Summer is when social anxiety can hit its most intense, and it can be hard. As much as you want to see the people you don't get to see when the school year is in session, sometimes the idea of leaving your house is just too much to handle. Or maybe you used up all of your social energy the day before and now have to try and tough through more plans.
There's an idea that's heavily focused in our society that summer needs to be a time of great adventure. When you need to be doing something at all hours every day so that you'll have stories to tell when summer is over and you go back to the more mundane world that is the fall. And if you don't have stories of staying at the beach until you got kicked off, or riding every roller coaster at Great Adventure, there's this assumption that you wasted your summer, that you should have been doing more.
But for people with social anxiety, summer means staring at your phone and hoping plans get canceled because you don't want to have a panic attack in public, or having your friends tease you because they haven't seen you in a week. They call you a hermit and try to drag you out of your house. They mean well, but you spend the whole time wishing you hadn't left.
It can be hard, isolating, and sad. When you're the friend with social anxiety, watching your friends all have fun while you sit at home alone becomes the bittersweet norm. You may want to be out there with them making all of those fun summertime memories, but doing so could also spell disaster. So you sit back and let them have their fun and wish things could be different for you.
It's not for lack of trying. You go out when you feel like you can handle it. Sometimes, you do end up having fun and those moments make everything worthwhile. But sometimes it all bubbles up and you explode into a complete meltdown, which leaves you feeling bad for the people around you.
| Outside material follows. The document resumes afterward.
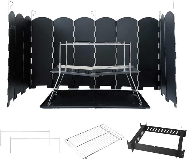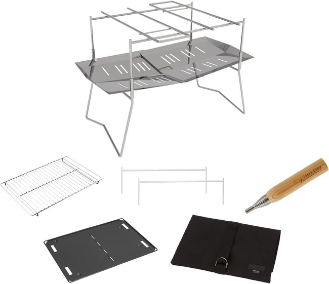 ?セット内容 : 焚き火台/オプションパーツ/焼き網/焚火プレート/専用スタンド/ウインドスクリーン
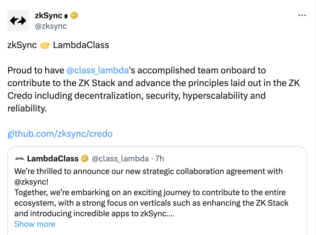 报道,10 月 24 日,此前帮助 Starknet 完成 V12 以及 cairoVM 开发的 LambdaClass 团队宣布与 zkSync 达成新的战略合作协议,重点将关注生态的垂直领域,例如增强 ZK Stack 并向 zkSync 引入应用程序。LambdaClass 还表示过去几天内一些顶尖工程师已经加入了 zkSync 团队。

If you feel like this, confide in your friends. Explain to them why you don't go out as much as you would like. If they understand you, they can try their best to help you overcome the anxiety keeping you down.
Caring about someone with social anxiety over the summer can be hard too. It's difficult to watch your friend completely shut themselves away for fear of having a panic attack in public. Unfortunately, there's only so many ways you can help a person with social anxiety. Don't stop inviting them places, but don't get upset or offended if they say no. It's not because of you, or because they don't want to go. If you can be as understanding as possible and ask your friend how they can help, they would appreciate it more than they can say.
Don't be worried if your summer isn't social. Your mental health is more important than the idea that you need to live an epic adventure. Do your best. Try not to say no. Keep your head up. You've got this.